Supplied material below:

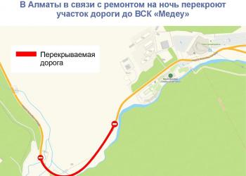 В Алматы в связи с ремонтом на ночь перекроют участок дороги до ВСК «Медеу»
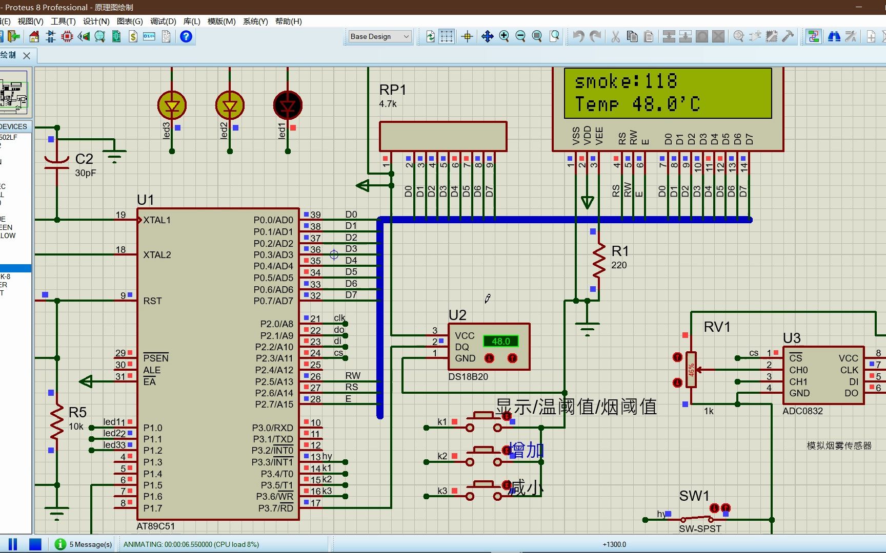 基于51单片机火灾报警器(温度、火焰、烟雾,可调节阈值、相应提示灯)
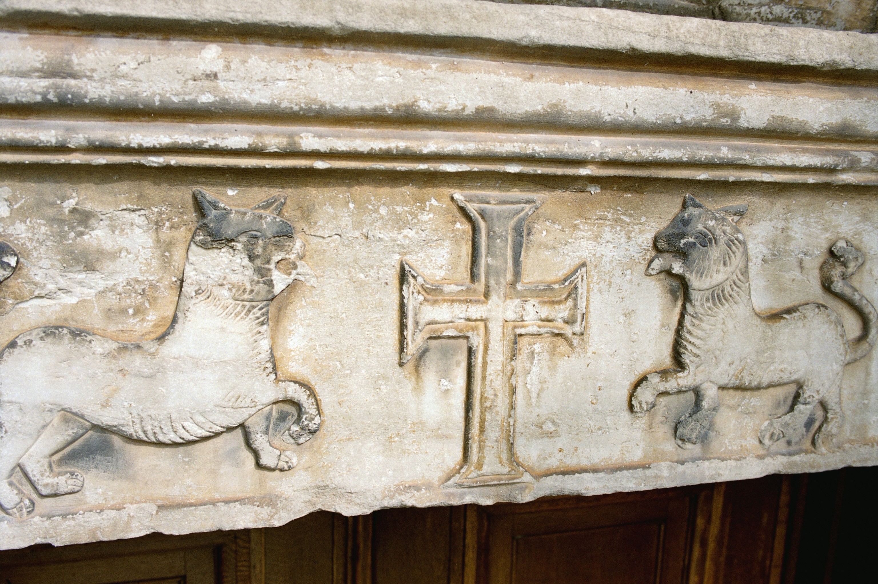 Lintel relief over W door
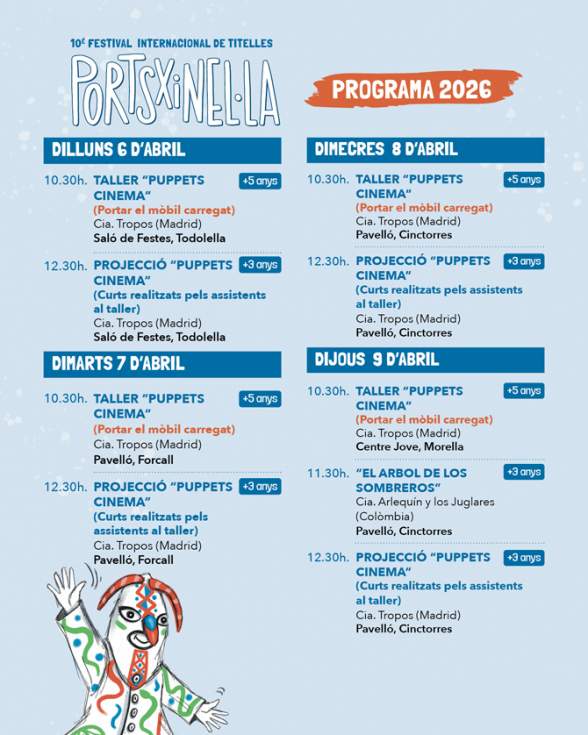 Jueves 9 de abril: Centro Joven, Morella: Taller ‘Puppets cinema’, por Cia. Tropos (Madrid). 10:30. Mayores de 5 años. Llevar el móvil cargado.
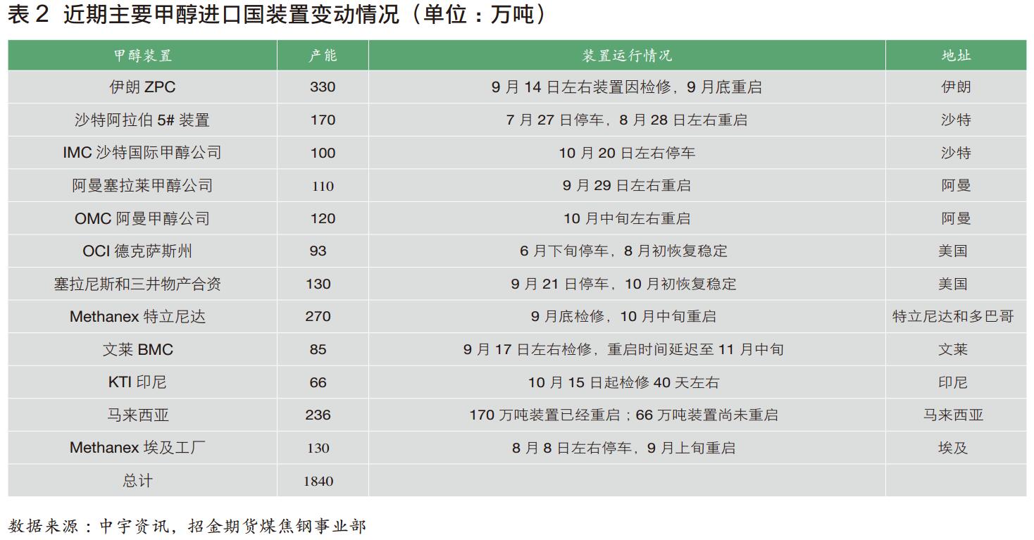 中宇资讯的统计同时显示,7至10月份,中东、美洲、东南亚共计检修甲醇产能1840万吨(目前尚有沙特100万吨、文莱85万吨、印尼66万吨、马来西亚66万吨甲醇装置尚未重启),大型甲醇装置的接连检修是进口量环比下降的关键因素之一(表2)。
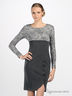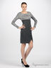 Строгое женское платье благородного серого цвета. Прямого силуэта. Лиф и юбка платья выполнены из тканей разной фактуры. Лиф отрезной из мягкого трикотажа, с завышенной линией талии. Грудь подчеркнута рельефными вытачками. Округлый неглубокий вырез горловины. Длинный прямой рукав. На спинке длинная застежка-молния. Юбка трикотажная, однотонная. Крой "с запахом". Пуговицы можно расстегнуть.
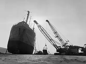 On 24 November 1965,[6] Santa Kyriaki was in ballast off the coast of the Netherlands when she was caught in a Force 10-11 storm. The Dutch tug Titan offered assistance to Santa Kyriaki, which was refused. At 15:00 CET (14:00 GMT), Santa Kyriaki came ashore south of IJmuiden. Her 17 crew were taken off by a Koninklijke Marine helicopter.[5] After the storm had subsided, Santa Kyriaki became a temporary tourist attraction.[7] On 30 December, the contract for the salvage of the ship was awarded to NV Bureau Wijsmuller under Lloyds Open Form conditions. Over 70,000 cubic yards (54,000 m3) of sand was excavated to form a basin which enabled Santa Kyriaki to be turned through 60°. She was refloated on 8 March 1966 with assistance from the tugs Titan and Simson, aided by the use of her own engine. Titan towed her into IJmuiden,[8] where she was declared to be a constructive total loss.[1] She was later towed to Amsterdam.[8] Santa Kyriaki arrived under tow on 17 July 1966 at Avilés, Spain for scrapping.[1]

End of Supplied material.

- **Your assignment**
Reproduce, without alteration and without pictures, only those lines that lie between the first line of the entries above and the line containing "Строгое женское платье", both of them included.

- **Written answer**
 В Алматы в связи с ремонтом на ночь перекроют участок дороги до ВСК «Медеу»
 基于51单片机火灾报警器(温度、火焰、烟雾,可调节阈值、相应提示灯)
 Lintel relief over W door
 Jueves 9 de abril: Centro Joven, Morella: Taller ‘Puppets cinema’, por Cia. Tropos (Madrid). 10:30. Mayores de 5 años. Llevar el móvil cargado.
 中宇资讯的统计同时显示,7至10月份,中东、美洲、东南亚共计检修甲醇产能1840万吨(目前尚有沙特100万吨、文莱85万吨、印尼66万吨、马来西亚66万吨甲醇装置尚未重启),大型甲醇装置的接连检修是进口量环比下降的关键因素之一(表2)。
 Строгое женское платье благородного серого цвета. Прямого силуэта. Лиф и юбка платья выполнены из тканей разной фактуры. Лиф отрезной из мягкого трикотажа, с завышенной линией талии. Грудь подчеркнута рельефными вытачками. Округлый неглубокий вырез горловины. Длинный прямой рукав. На спинке длинная застежка-молния. Юбка трикотажная, однотонная. Крой "с запахом". Пуговицы можно расстегнуть.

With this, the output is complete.